Here's the scenario: another phantom complaint of multiple “crazy intermittent electrical problems” comes into your bay. The vehicle is a 2013 Chevy pickup truck still in use by one of your fleet customers. The truck’s instrument panel cluster (IPC) is lit up like a Christmas tree with warning lights. You scan for DTCs / All modules. One of several B-, C- and U-codes you pull is C0561 – “Stability control serial data message invalid.” You think, “Hmm . . . serial data message invalid, and crazy intermittent electrical problems? The two just might be tied together.” This is a frequent occurrence in today's work bays.
You’ve been down this road before with a similar GM truck and a simple fix. You look for GM PIs (preliminary information) in the factory source (SI2000) and find GM PIT4169F, which mentions the C0561. Unfortunately, it leads you nowhere. What’s next? A closer visual inspection seems to be in order. Then you see it: a second DLC under the dash! Where does it go? What does it do? It looks like an aftermarket device – could this be the problem? You find another GM PI (Figure 1), remove the “extra DLC wiring” and “aftermarket black box,” clear all the DTCs, drive the truck a couple of days (to ensure no problems reoccur) and the vehicle is repaired. But what about the fleet’s aftermarket gadget? Welcome to the evolving world of vehicle telematics!

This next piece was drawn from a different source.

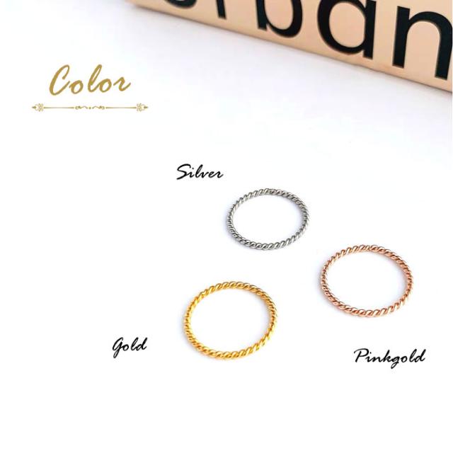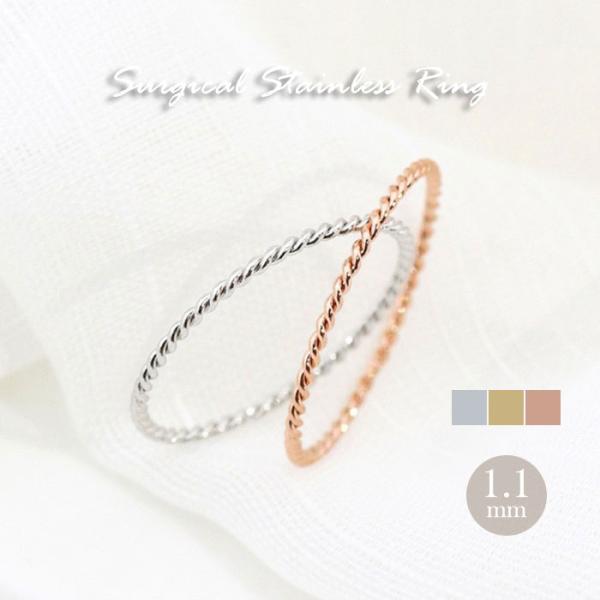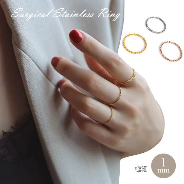 リング 指輪 ツイスト 1.1mm 極細 華奢リング ステンレスリング 安心素材 大人可愛い ジュエリー 金属アレルギー ピンキーリング ファランジリング

Vehicle telematics defined
According to Wikipedia, “Vehicle telematics is the convergence of telecommunications and information processing.” The term later evolved to refer to automation in automobiles, such as the invention of the emergency warning system for vehicles. GPS navigation, integrated hands-free cell phones, wireless safety communications, and automatic driving assistance systems all are covered under the telematics umbrella.”
A brief history of vehicle telematics
The concept of telematics dates back to the late 1970s in France. Actual working examples came decades later when some very important inventions were made. You may be young enough to have grown up using GPS, the internet, and cell phones. The Global Positioning System (GPS) didn’t become practical or affordable for several years after President Reagan signed an executive order allowing for future civilian usage.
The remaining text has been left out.